● **Dataset excerpt**
Content starts

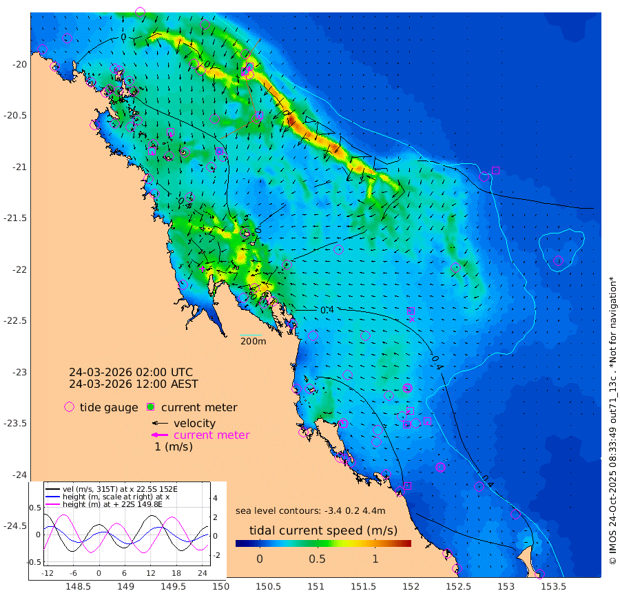 25cm/s 162T +10cm/s rms + 2cm/s 5T. Brampton I 18m 30cm/s 168T +9cm/s rms + 6cm/s 66T. Wigton I 38m 10cm/s -173T +7cm/s rms + 8cm/s 141T. Tern I 47m 30cm/s -161T +7cm/s rms + 12cm/s 54T. N Bugatti Rf 64m 31cm/s -149T +3cm/s rms + 13cm/s 178T. W Bugatti Rf 70m 16cm/s -179T +3cm/s rms + 3cm/s -130T. Creal Rf 69m 17cm/s -72T +7cm/s rms + 4cm/s 2T. North Rf 62m 20cm/s -35T +9cm/s rms + 2cm/s -56T. Cape Capricorn 26m 8cm/s -81T +5cm/s rms + 3cm/s 166T. L Musgrave I 42m 5cm/s -77T +9cm/s rms + 1cm/s -142T. Round Hill Hd 26m 3cm/s -177T +41cm/s rms + 48cm/s 116T. GBRELR 305m 13cm/s -79T +7cm/s rms + 6cm/s 123T. GBRCCH 92m 20cm/s -116T +8cm/s rms + 3cm/s -33T. GBRHIN 45m 10cm/s -100T +4cm/s rms + 2cm/s 41T. GBRHIS 46m 14cm/s -157T +16cm/s rms + 4cm/s -22T. GBROTE 59m 28cm Bell Cay 1cm Holbourne I 2cm Tern I 1cm Bugatti Rf 3cm Creal Rf 1cm White Tip I 41cm North Rf 59cm Rundle I 33cm L Musgrave I 24cm Saumarez Reef 5cm Kennedy Reef 5cm Unnamed Reef No. 2 -7cm Abbot Point -9cm Bowen -15cm Tideway Reef -7cm Hayman Island -15cm Square Reef 0cm Double Bay -20cm Molle Island -13cm Cid Harbour -5cm Hook Island -19cm Border Island -12cm Haslewood Island -13cm Shute Harbour -16cm Thomas Island -10cm Credlin Reef -21cm East Repulse Island -16cm Blacksmith Island -24cm Laguna Quays -11cm Carlisle Island (Off) -3cm St. Bees Island -11cm Scawfell Island -6cm Penrith Island -13cm Mackay Outer Harbour -9cm Hay Point -2cm Prudhoe Island 35cm Middle Island (Percy Isles) 33cm Gannet Cay 9cm Elusive Reef -23cm Mcewin Islet 30cm Mumford Island 18cm Osborn Island 28cm Marquis Island 23cm Reef Point 34cm High Peak Island 59cm Port Clinton 57cm Peaked Island 44cm Karamea Bank 60cm Johnson Patch - NW 64cm Rosslyn Bay 63cm Middle Island (Keppel Isles) 74cm Port Alma 46cm Heron Island 44cm One Tree Islet 53cm Polmaise Reef 40cm Tryon Island 50cm Rock Cod Shoal 58cm Gatcombe Head 67cm Gladstone 65cm South Trees (Storm Surge) 48cm Clews Point 46cm Round Hill Head 33cm Lady Elliot Island 27cm Breaksea Spit 54cm Bundaberg (Burnett Heads) 60cm Elliot Heads 17cm Waddy Point (Fraser Island)
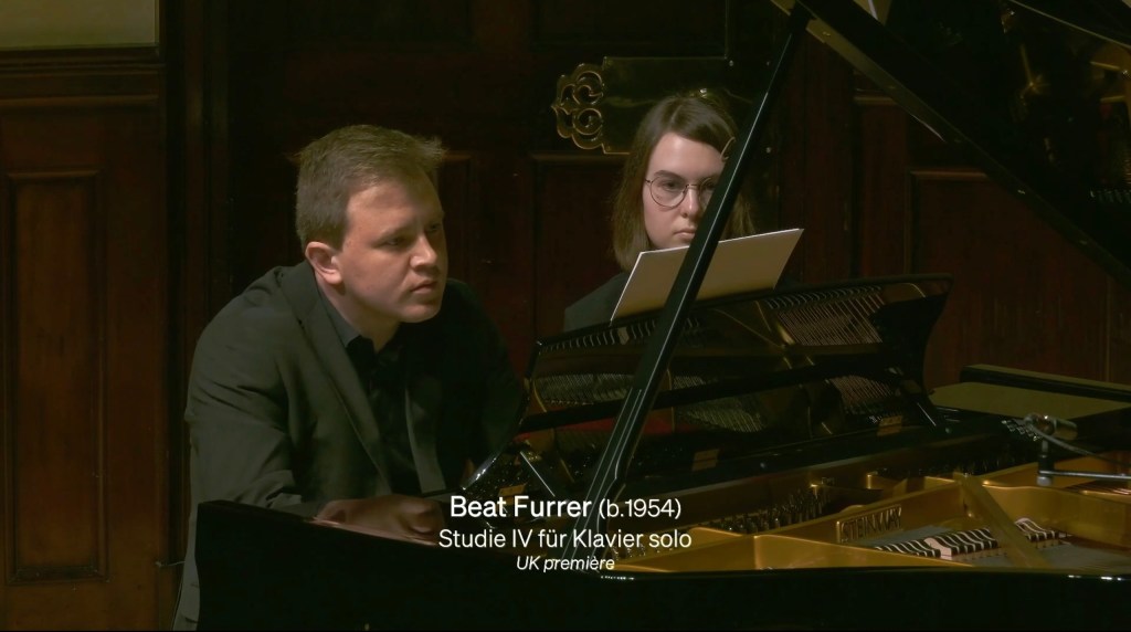 In the words of the composer :’ Its opening idea is a percussive interplay of note clusters, slowly rising from the middle of the keyboard, with stabbing interruptions from the outer extremes of the piano’s register. Fast downward-sliding figures follow, murky and low. These descending gestures expand in range, gathering strength and complexity until they resound like a vast peal of bells. There is a temporary respite of short, sharp chords, before further whirling patterns and variations on earlier material. But all this technical display falls away in an eerily sparse coda. With almost every note given its own precise dynamic marking, Studie IV concludes with anexploration of subtly differentiated tone colours.’
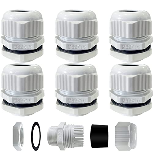 6 pezzi Pressacavi Impermeabili,Connettori Pressacavi, Nylon Pressacavi Connettori,Connettori per Cavi Impermeabili, M32x1.5(16-21mm) Regolabile IP68 Cable Ghiandole Bloccaggio(Nylon Bianco)

Content ends

● **Instructions to follow**
With the pictures omitted, write out exactly the lines from the one that contains "In the words" through the final line of the material above, both ends included.

● **The completed task**
 In the words of the composer :’ Its opening idea is a percussive interplay of note clusters, slowly rising from the middle of the keyboard, with stabbing interruptions from the outer extremes of the piano’s register. Fast downward-sliding figures follow, murky and low. These descending gestures expand in range, gathering strength and complexity until they resound like a vast peal of bells. There is a temporary respite of short, sharp chords, before further whirling patterns and variations on earlier material. But all this technical display falls away in an eerily sparse coda. With almost every note given its own precise dynamic marking, Studie IV concludes with anexploration of subtly differentiated tone colours.’
 6 pezzi Pressacavi Impermeabili,Connettori Pressacavi, Nylon Pressacavi Connettori,Connettori per Cavi Impermeabili, M32x1.5(16-21mm) Regolabile IP68 Cable Ghiandole Bloccaggio(Nylon Bianco)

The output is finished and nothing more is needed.